Guest post: Being a mummy with ME
Alison, I'm in my (very late!) 30s and I have a debilitating chronic illness
called M.E (myalgic encephalomyelitis). I am a mummy to an almost 9 year old
beautiful little girl and I write a blog about it at
I used to live a completely "normal" life. I had a good job as a lawyer, a busy social life and I went to the gym a few times each week. Everything changed when my friend passed away from cancer age 25 and the trauma of it affected me quite badly. I went on holiday a couple of months later and needed to take malaria tablets which made me feel awful. I was never right after that and after many trips to and back from the doctors I was diagnosed with M.E in March 2003.
M.E is a horrible condition and I have very little energy, permanent fatigue and pain as well as various other symptoms. It affects my memory and concentration, I have muscle weakness and problems sleeping to name a few. My mobility is rubbish now and I can’t walk much so need to use a wheelchair or a mobility scooter. I also suffer really bad payback from anything that I do.
After being diagnosed I didn’t really understand it and I also didn’t want to accept how much it was affecting me. I kept pushing myself to continue working until I pretty much collapsed and ended up on long term sick and then eventually the decision was made that I could no longer work.
Fast forward several horrible years of being extremely poorly and housebound and I had got to a slightly better place with my health. I had my daughter in March 2009 which brought on a huge relapse and I've never been great since. It affects things daily but I adore my girlie and wouldn't change things for the world.

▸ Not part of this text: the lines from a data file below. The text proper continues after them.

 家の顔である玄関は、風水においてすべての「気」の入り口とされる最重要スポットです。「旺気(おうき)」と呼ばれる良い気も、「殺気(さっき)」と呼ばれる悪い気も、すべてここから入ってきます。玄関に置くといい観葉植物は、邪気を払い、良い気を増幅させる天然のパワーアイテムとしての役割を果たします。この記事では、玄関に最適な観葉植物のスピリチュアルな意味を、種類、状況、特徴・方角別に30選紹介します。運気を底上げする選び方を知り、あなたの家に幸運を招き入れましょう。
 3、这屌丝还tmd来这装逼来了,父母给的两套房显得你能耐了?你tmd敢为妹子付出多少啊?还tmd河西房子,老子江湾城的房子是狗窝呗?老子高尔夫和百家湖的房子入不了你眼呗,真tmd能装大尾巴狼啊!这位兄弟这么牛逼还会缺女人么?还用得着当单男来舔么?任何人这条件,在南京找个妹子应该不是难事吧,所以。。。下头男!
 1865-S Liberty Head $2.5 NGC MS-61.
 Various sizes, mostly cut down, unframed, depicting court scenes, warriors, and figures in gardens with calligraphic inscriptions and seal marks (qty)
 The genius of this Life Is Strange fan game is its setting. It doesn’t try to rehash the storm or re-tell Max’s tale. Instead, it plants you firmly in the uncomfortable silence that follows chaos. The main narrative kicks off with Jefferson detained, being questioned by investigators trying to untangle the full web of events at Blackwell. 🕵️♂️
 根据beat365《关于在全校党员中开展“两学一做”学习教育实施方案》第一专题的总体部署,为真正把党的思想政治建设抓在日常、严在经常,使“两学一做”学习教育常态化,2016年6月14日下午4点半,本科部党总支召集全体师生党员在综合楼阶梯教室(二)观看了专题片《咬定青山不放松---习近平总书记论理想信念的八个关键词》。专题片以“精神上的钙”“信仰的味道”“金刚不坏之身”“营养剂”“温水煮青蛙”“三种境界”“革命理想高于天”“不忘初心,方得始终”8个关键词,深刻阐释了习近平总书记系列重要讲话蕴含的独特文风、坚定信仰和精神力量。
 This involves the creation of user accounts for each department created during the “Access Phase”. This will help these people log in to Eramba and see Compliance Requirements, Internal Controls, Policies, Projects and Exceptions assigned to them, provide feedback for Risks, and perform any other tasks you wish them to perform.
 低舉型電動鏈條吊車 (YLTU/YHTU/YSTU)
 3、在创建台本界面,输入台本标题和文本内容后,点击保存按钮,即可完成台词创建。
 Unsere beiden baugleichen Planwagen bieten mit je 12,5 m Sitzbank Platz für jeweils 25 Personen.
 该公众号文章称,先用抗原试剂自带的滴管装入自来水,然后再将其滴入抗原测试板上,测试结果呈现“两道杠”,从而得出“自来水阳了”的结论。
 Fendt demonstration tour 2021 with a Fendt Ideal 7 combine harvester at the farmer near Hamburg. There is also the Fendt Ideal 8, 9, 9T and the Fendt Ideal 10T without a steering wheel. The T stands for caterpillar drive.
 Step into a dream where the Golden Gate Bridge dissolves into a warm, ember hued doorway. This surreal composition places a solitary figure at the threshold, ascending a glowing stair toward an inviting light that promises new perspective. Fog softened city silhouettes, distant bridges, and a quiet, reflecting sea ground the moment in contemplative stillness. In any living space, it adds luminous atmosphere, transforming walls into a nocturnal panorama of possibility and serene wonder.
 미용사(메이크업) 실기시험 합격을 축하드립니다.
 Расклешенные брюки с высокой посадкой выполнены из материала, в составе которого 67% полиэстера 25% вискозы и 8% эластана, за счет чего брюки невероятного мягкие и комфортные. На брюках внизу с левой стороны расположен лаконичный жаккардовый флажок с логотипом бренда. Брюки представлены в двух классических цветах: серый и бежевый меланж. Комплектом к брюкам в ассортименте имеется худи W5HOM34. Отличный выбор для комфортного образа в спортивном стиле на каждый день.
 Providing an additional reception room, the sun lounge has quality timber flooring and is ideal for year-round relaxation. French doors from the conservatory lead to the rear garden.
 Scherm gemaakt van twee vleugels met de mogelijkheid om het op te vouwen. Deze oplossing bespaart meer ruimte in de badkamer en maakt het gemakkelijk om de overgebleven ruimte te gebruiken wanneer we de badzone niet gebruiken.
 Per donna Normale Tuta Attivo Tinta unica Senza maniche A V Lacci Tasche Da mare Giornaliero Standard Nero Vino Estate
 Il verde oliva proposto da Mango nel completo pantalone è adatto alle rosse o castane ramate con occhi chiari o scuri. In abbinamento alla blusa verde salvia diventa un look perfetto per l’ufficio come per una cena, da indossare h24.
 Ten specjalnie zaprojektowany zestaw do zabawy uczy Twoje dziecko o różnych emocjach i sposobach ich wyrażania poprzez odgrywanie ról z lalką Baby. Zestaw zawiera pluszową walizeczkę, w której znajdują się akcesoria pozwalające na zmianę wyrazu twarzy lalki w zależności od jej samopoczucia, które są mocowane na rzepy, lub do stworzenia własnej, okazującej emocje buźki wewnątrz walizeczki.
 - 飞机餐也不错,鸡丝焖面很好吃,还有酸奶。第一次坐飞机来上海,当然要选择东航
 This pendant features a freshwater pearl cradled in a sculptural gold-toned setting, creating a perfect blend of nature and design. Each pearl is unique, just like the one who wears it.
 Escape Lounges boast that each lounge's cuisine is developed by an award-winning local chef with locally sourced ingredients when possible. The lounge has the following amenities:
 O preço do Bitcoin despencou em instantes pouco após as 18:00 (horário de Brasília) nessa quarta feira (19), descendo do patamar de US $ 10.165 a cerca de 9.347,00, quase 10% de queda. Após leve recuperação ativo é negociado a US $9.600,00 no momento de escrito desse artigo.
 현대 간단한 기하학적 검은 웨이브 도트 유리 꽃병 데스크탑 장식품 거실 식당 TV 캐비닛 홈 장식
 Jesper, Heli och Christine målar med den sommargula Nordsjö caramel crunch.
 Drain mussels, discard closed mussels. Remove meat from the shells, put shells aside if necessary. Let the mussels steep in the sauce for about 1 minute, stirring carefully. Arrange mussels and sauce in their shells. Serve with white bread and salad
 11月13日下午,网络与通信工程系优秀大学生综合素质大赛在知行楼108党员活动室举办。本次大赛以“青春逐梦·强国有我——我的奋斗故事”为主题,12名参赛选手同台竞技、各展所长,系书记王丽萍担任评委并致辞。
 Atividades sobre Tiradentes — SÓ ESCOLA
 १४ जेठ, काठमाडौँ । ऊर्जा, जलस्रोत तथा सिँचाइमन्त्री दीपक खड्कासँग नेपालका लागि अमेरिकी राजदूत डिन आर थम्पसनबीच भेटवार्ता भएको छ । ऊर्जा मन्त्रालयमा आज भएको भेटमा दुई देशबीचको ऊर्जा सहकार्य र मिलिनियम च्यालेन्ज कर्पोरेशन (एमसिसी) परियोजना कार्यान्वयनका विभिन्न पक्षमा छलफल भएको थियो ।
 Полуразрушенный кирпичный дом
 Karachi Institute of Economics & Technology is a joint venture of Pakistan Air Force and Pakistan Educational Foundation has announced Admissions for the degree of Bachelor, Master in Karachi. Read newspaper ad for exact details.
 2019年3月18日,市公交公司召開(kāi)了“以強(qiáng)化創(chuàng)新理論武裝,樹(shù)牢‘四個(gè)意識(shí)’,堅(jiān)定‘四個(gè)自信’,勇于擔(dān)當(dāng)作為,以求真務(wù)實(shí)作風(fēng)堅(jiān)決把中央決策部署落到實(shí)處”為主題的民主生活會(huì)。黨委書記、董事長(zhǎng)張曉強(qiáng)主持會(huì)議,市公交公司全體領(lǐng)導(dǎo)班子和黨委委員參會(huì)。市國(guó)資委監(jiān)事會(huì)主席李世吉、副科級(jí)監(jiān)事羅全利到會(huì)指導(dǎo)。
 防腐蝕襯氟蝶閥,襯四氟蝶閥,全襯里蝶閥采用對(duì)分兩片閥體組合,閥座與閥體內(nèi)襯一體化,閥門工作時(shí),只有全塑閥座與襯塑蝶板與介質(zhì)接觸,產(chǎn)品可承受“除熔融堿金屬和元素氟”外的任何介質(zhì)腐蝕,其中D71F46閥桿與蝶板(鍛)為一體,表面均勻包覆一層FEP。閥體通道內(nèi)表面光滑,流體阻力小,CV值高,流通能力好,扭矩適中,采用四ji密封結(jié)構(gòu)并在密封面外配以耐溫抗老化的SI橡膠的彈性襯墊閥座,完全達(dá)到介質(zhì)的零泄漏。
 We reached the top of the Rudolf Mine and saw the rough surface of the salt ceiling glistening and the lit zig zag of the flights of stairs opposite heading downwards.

It has obviously made things more difficult but I am lucky that my husband is good and we have a lot of support from family and carers. I suffer lots of mum guilt about not being able to do certain things. We spend a lot of time doing stuff together in the house and as she's got older she's like my little best friend.
About a year ago she got upset one day and out of the blue told me that it wasn't fair that we couldn't do things like her friends did with their mums. Cue major mummy guilt and having to choke back the tears. Instead of letting on how upset I was too, I suggested we came up with a plan and to think of things we could do together both in and out the house when I felt up to it.
We sat down and made a list and thought of various fun (low energy) things. Just us. Girlie time. Stuff like pottery painting, going for a hot chocolate, going out for lunch together, going to have our nails painted, having pamper sessions with facemasks, doing each other's nails, crafts (which we do a lot of anyway!), watching films & snuggling under a blanket, baking cakes. She also suggested going for a walk (Or in my case a drive in my scooter!) round the block or to the shop to buy chocolate!!
She was really happy and we decided there and then to book in for pottery painting that weekend. It was lovely and relaxed and spending quality time with her is priceless.
I am not always well enough to do things and she understands I sometimes need to stay in bed. She's lucky that her daddy takes her lots of places so she doesn't miss out in that respect. We spend a lot of time laughing.. She is hilarious and funny without trying and she is the best medicine!
We cope the best we can and as much as I wish things weren't like this, it's made me appreciate the small things so much more.
I am always up for new ideas of stuff to do so is there anything you can recommend that would be good for us both to enjoy?